→ **Required action**
Transcribe exactly the lines from the top of the records below through the line that holds "So this afternoon", both included, with no pictures.

Stored entries:

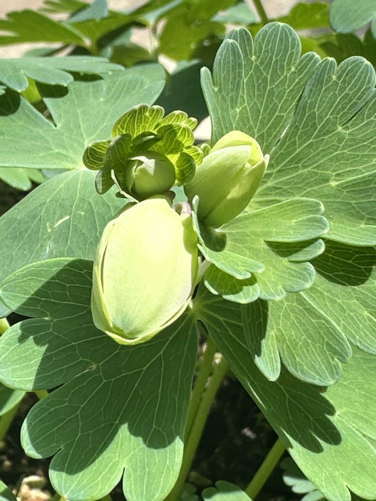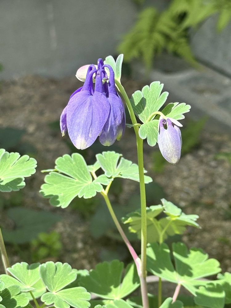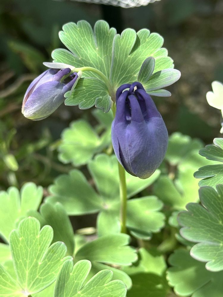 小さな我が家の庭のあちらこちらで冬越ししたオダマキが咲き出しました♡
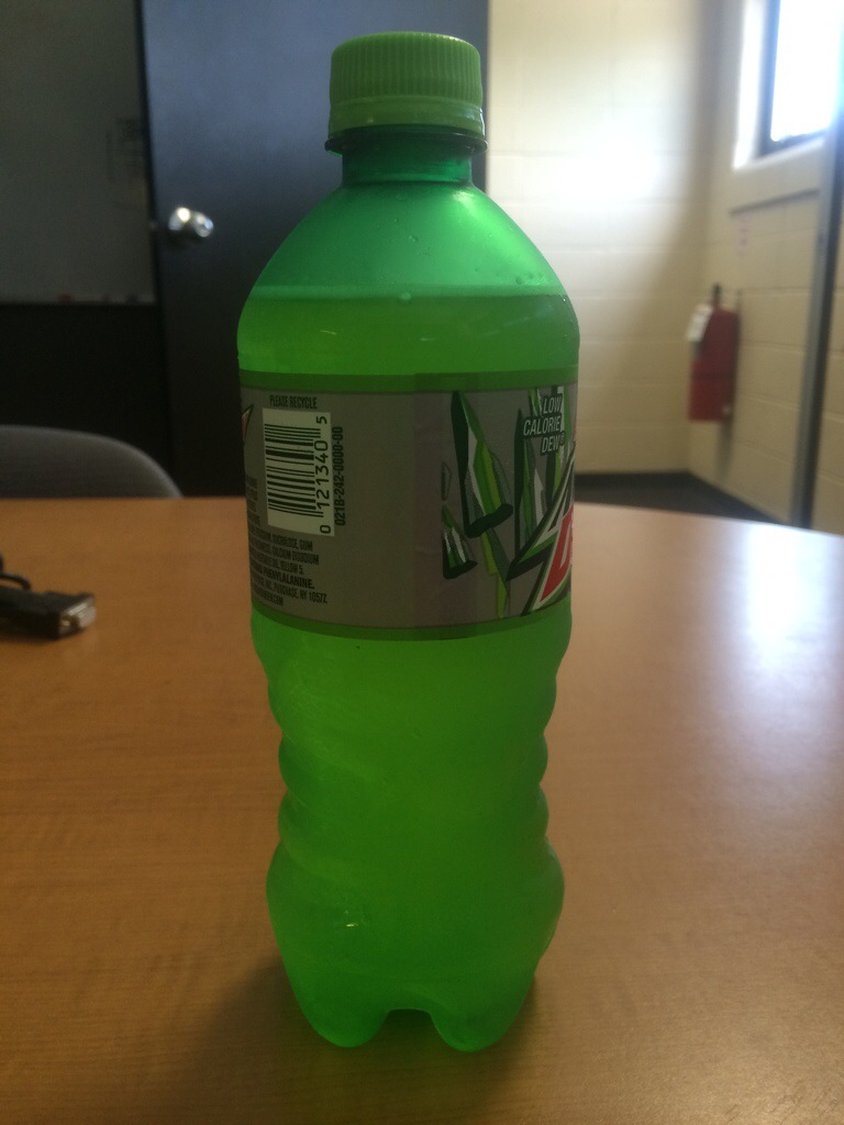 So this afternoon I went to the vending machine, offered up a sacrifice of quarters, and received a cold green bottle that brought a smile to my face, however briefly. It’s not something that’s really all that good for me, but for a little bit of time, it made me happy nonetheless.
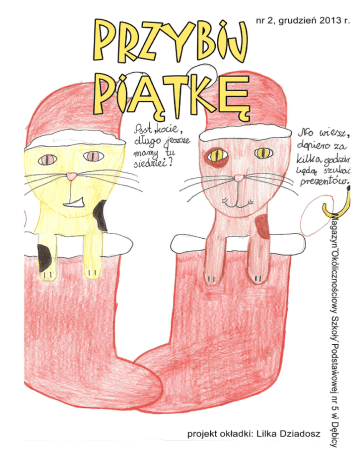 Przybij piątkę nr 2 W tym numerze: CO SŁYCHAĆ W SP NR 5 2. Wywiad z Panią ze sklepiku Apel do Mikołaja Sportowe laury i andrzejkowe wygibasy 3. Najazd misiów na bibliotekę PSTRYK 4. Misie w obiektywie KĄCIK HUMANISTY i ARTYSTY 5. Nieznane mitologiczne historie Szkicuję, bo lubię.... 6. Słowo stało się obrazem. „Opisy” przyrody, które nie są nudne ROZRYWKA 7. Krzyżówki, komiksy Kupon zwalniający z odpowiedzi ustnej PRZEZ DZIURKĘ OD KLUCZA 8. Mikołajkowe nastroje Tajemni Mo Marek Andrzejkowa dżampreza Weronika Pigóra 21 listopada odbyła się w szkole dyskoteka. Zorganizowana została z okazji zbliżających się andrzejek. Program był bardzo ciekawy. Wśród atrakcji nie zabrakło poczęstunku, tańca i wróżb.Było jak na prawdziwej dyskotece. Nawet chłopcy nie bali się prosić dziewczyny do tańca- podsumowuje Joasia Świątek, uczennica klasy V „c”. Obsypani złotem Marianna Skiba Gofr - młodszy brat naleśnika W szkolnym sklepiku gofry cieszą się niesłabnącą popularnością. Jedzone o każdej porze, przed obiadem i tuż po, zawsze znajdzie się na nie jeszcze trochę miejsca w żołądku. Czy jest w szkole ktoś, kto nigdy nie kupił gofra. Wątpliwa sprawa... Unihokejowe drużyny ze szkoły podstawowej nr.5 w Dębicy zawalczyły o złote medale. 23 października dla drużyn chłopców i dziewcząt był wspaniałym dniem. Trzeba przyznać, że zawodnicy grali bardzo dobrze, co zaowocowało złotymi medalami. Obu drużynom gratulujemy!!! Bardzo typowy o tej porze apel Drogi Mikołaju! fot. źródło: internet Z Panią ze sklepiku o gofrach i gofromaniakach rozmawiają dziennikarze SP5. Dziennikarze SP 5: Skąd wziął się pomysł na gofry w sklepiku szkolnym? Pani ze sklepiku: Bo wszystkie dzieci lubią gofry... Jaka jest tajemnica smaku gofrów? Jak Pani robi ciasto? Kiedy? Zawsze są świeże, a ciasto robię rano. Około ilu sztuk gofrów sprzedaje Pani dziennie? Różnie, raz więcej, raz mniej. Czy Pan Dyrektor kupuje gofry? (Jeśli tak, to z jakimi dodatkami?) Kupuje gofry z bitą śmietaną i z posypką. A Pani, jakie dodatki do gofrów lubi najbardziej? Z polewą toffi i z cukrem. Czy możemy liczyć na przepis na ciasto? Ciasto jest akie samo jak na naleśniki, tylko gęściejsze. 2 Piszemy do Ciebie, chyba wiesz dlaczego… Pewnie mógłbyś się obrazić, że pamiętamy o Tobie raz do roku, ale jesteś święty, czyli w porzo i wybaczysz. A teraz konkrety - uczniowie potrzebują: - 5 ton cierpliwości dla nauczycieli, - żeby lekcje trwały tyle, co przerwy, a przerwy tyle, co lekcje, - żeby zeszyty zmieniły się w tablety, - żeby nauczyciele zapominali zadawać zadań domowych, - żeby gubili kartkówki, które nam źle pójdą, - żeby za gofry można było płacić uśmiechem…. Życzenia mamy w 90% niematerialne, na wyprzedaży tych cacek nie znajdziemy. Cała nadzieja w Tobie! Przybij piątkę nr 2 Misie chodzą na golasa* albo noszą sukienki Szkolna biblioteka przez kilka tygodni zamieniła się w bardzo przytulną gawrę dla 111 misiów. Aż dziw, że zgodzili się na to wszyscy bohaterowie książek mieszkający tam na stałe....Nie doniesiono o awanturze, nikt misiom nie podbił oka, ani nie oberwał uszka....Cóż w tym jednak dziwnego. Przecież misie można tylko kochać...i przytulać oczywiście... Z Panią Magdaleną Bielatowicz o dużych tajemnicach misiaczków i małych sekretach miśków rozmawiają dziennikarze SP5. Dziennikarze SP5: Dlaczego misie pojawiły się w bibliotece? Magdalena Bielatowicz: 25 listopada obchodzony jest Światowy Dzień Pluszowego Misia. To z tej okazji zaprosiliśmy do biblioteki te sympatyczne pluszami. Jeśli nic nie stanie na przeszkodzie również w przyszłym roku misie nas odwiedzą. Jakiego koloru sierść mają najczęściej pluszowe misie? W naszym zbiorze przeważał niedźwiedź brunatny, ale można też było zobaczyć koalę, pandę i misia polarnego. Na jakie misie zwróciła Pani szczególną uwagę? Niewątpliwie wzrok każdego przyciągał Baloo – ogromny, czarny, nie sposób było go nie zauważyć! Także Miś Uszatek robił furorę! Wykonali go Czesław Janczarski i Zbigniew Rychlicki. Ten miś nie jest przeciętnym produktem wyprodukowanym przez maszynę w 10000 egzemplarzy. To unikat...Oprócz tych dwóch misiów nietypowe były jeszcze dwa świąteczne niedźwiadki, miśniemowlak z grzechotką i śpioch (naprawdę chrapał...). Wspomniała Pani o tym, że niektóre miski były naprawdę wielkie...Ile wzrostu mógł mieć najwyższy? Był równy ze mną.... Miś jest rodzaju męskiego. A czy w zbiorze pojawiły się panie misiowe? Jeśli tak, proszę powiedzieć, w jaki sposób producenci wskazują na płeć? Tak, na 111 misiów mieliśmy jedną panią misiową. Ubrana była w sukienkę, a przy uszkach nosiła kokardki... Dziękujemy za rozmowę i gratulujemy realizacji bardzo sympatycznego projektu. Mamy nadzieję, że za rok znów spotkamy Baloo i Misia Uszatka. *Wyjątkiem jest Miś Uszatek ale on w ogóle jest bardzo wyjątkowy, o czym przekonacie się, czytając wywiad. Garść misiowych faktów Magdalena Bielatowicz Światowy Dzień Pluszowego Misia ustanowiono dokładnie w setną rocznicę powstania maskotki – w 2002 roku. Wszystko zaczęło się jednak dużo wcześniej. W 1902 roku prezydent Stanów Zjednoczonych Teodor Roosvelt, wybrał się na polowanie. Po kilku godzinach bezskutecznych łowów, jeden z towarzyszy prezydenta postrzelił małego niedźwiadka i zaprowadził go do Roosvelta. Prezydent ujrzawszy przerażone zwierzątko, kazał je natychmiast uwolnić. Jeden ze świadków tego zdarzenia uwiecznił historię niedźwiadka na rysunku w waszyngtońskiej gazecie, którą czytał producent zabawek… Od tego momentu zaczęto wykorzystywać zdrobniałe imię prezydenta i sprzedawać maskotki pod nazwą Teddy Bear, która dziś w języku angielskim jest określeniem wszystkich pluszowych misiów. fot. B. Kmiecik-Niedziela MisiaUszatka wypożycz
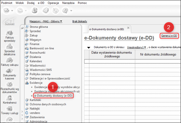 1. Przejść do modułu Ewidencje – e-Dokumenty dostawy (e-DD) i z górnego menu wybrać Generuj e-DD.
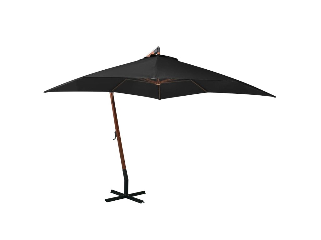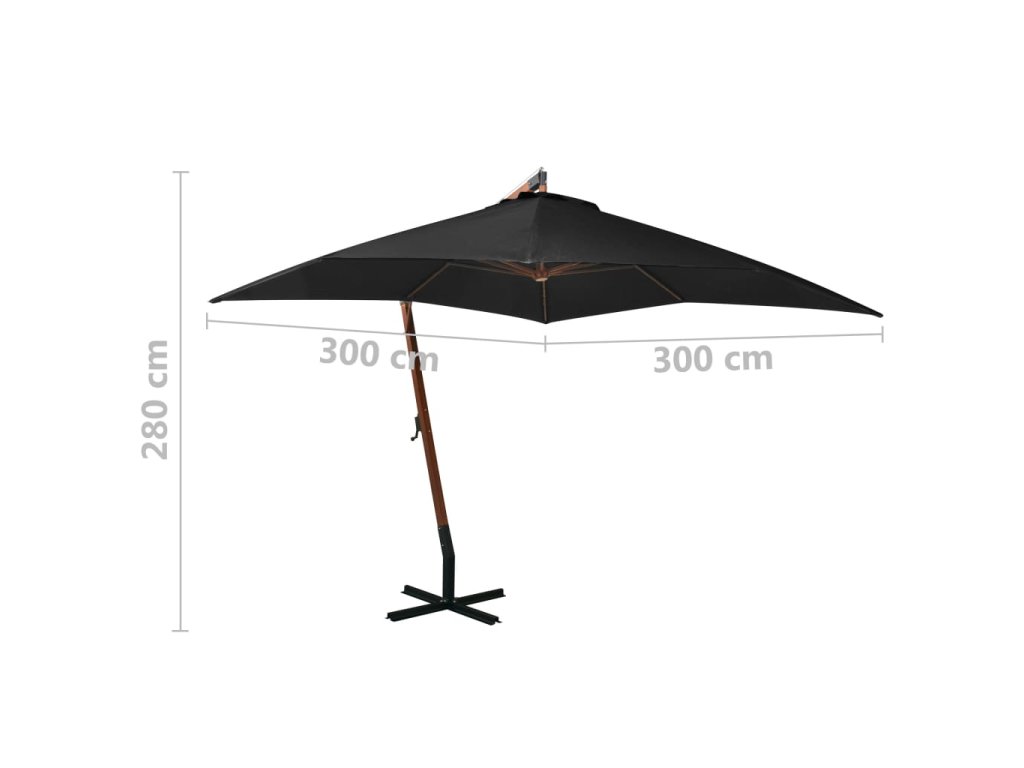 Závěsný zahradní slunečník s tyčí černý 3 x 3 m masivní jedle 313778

→ **Answer space**
 小さな我が家の庭のあちらこちらで冬越ししたオダマキが咲き出しました♡
 So this afternoon I went to the vending machine, offered up a sacrifice of quarters, and received a cold green bottle that brought a smile to my face, however briefly. It’s not something that’s really all that good for me, but for a little bit of time, it made me happy nonetheless.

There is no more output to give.